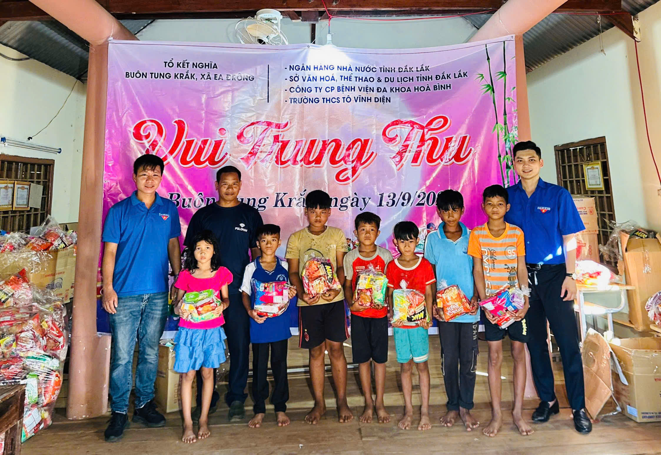 Nhân dịp tết Trung thu, chiều ngày 13/9/2024 (nhằm ngày 11/8 âm lịch), Sở Văn hóa, Thể thao và Du lịch phối hợp Ngân hàng Nhà nước tỉnh Đắk Lắk, Công ty CP Bệnh viện đa khoa Hòa Bình, Trường THCS Tô Vĩnh Diện và Tổ kết nghĩa buôn Tung Đrắk, xã Ea Drông, thị xã Buôn Hồ tổ chức hoạt động vui tết Trung thu cho các em thiếu nhi tại địa phương.
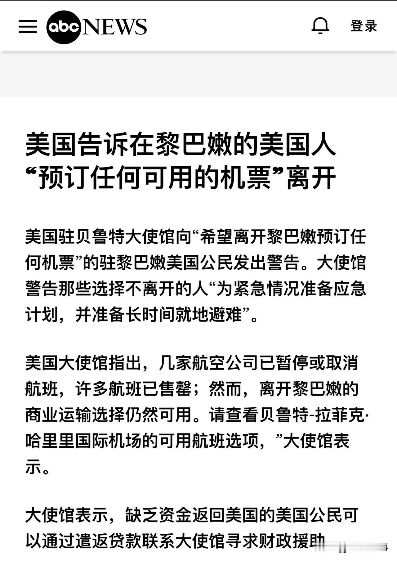 真坐不住了,美国表态! 来自美国广播公司(3)日消息,美国驻贝鲁特大使馆向黎巴嫩境内的美国公民发出警告,请他们预订任何可用的机票离开黎巴嫩。 有评论表示,美国这次是真坐不住,急了。看情况中东的局势会比我们原先想象的更紧张、更让人担心。
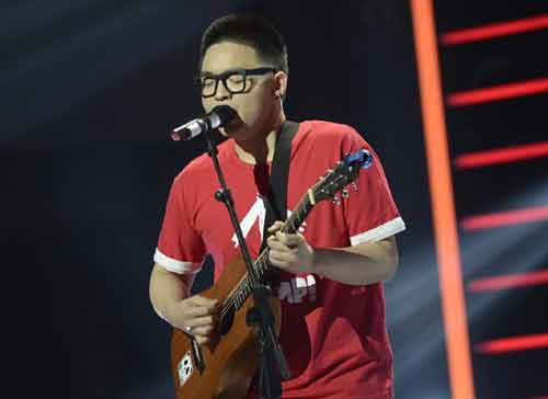红色T恤、黑框眼镜,身上别着一把吉他、脚边放着一排鼓,这复杂的乐器编排就注定了这位学员的不凡。果不其然,当四位导师看到了潘高峰的“华丽”表演时,都瞪大了双眼,“天哪”、“酷”、“精彩”、“漂亮”等感叹之词都不足以表现出潘高峰给众导师的惊喜。
----------------------------------------
WHAT THE TASK ASKS.
From the material above, print everything exactly except the pictures.

YOUR RESPONSE.
 Nhân dịp tết Trung thu, chiều ngày 13/9/2024 (nhằm ngày 11/8 âm lịch), Sở Văn hóa, Thể thao và Du lịch phối hợp Ngân hàng Nhà nước tỉnh Đắk Lắk, Công ty CP Bệnh viện đa khoa Hòa Bình, Trường THCS Tô Vĩnh Diện và Tổ kết nghĩa buôn Tung Đrắk, xã Ea Drông, thị xã Buôn Hồ tổ chức hoạt động vui tết Trung thu cho các em thiếu nhi tại địa phương.
 真坐不住了,美国表态! 来自美国广播公司(3)日消息,美国驻贝鲁特大使馆向黎巴嫩境内的美国公民发出警告,请他们预订任何可用的机票离开黎巴嫩。 有评论表示,美国这次是真坐不住,急了。看情况中东的局势会比我们原先想象的更紧张、更让人担心。
红色T恤、黑框眼镜,身上别着一把吉他、脚边放着一排鼓,这复杂的乐器编排就注定了这位学员的不凡。果不其然,当四位导师看到了潘高峰的“华丽”表演时,都瞪大了双眼,“天哪”、“酷”、“精彩”、“漂亮”等感叹之词都不足以表现出潘高峰给众导师的惊喜。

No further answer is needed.